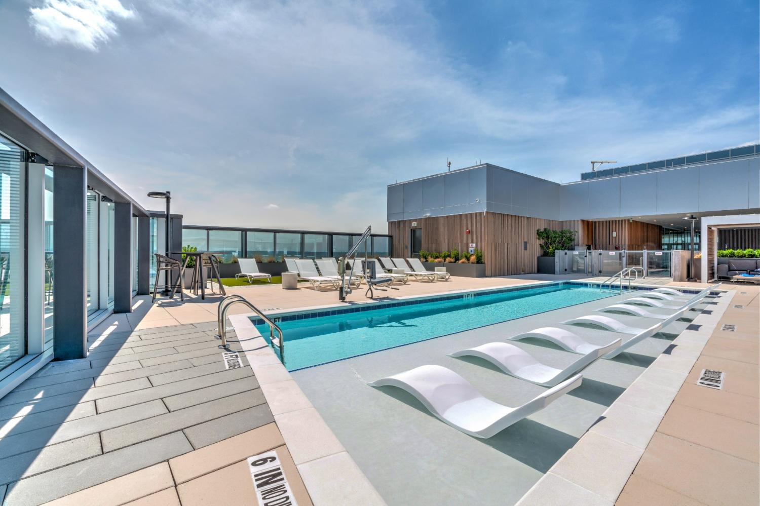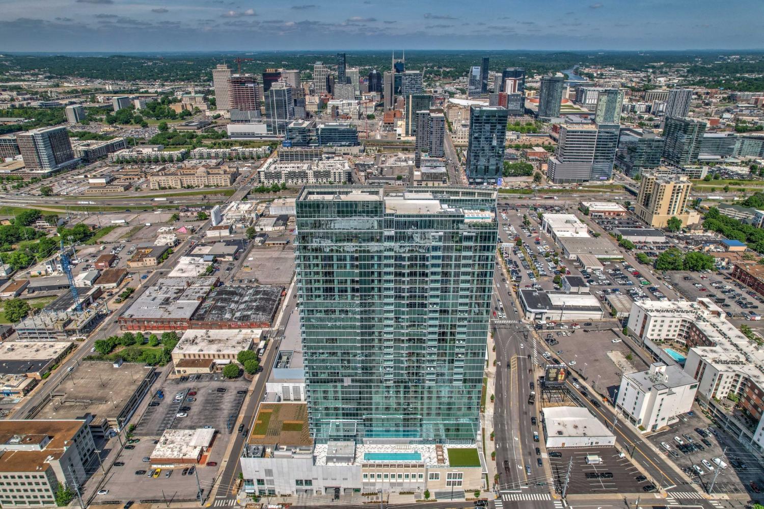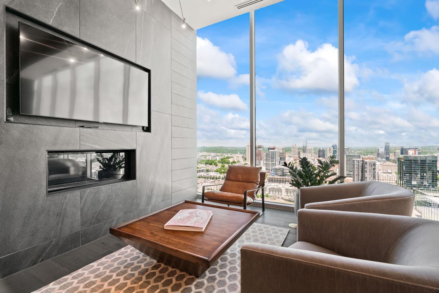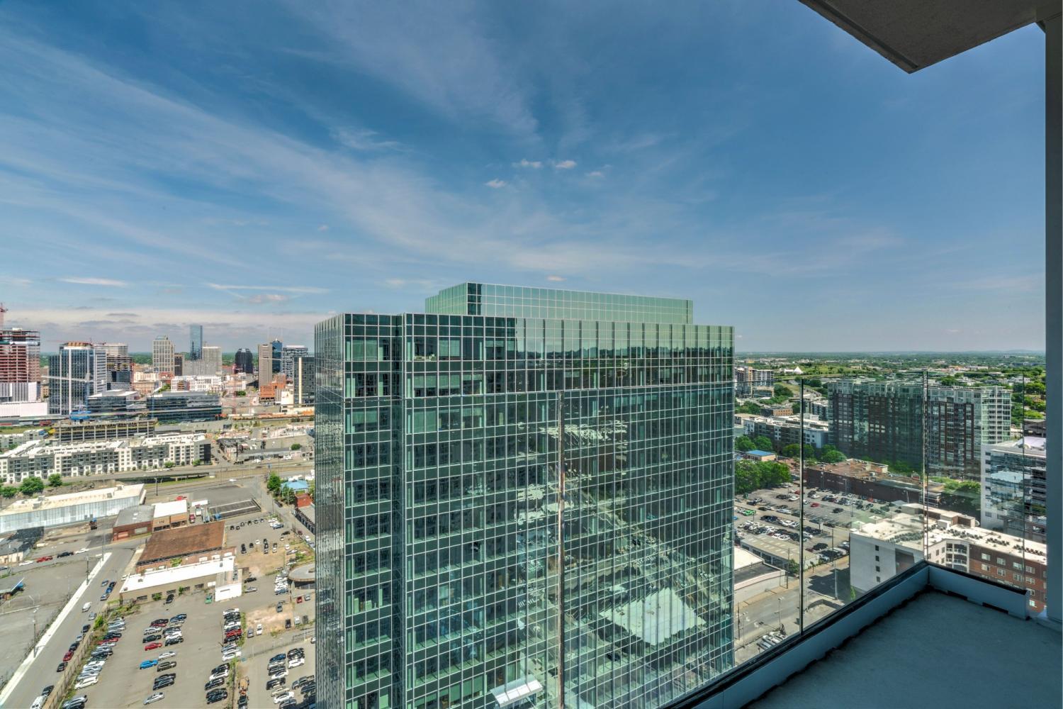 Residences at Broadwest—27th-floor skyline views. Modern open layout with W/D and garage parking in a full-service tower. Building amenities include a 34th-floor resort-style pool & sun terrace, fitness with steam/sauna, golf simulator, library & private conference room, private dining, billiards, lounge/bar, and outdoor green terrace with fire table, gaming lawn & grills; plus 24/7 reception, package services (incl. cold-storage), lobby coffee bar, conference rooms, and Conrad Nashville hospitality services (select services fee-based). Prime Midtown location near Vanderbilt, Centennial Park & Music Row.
...
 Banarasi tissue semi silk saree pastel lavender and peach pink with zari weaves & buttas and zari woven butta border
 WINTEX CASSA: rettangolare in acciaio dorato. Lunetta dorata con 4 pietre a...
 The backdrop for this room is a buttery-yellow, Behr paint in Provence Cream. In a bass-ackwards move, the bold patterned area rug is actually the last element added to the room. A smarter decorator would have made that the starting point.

» **Assignment**
From the records above, copy only the lines starting with the line that holds "WINTEX CASSA: rettangolare" and going on through the line that holds "The backdrop for", exactly as written.

» **Solution to this problem**
 WINTEX CASSA: rettangolare in acciaio dorato. Lunetta dorata con 4 pietre a...
 The backdrop for this room is a buttery-yellow, Behr paint in Provence Cream. In a bass-ackwards move, the bold patterned area rug is actually the last element added to the room. A smarter decorator would have made that the starting point.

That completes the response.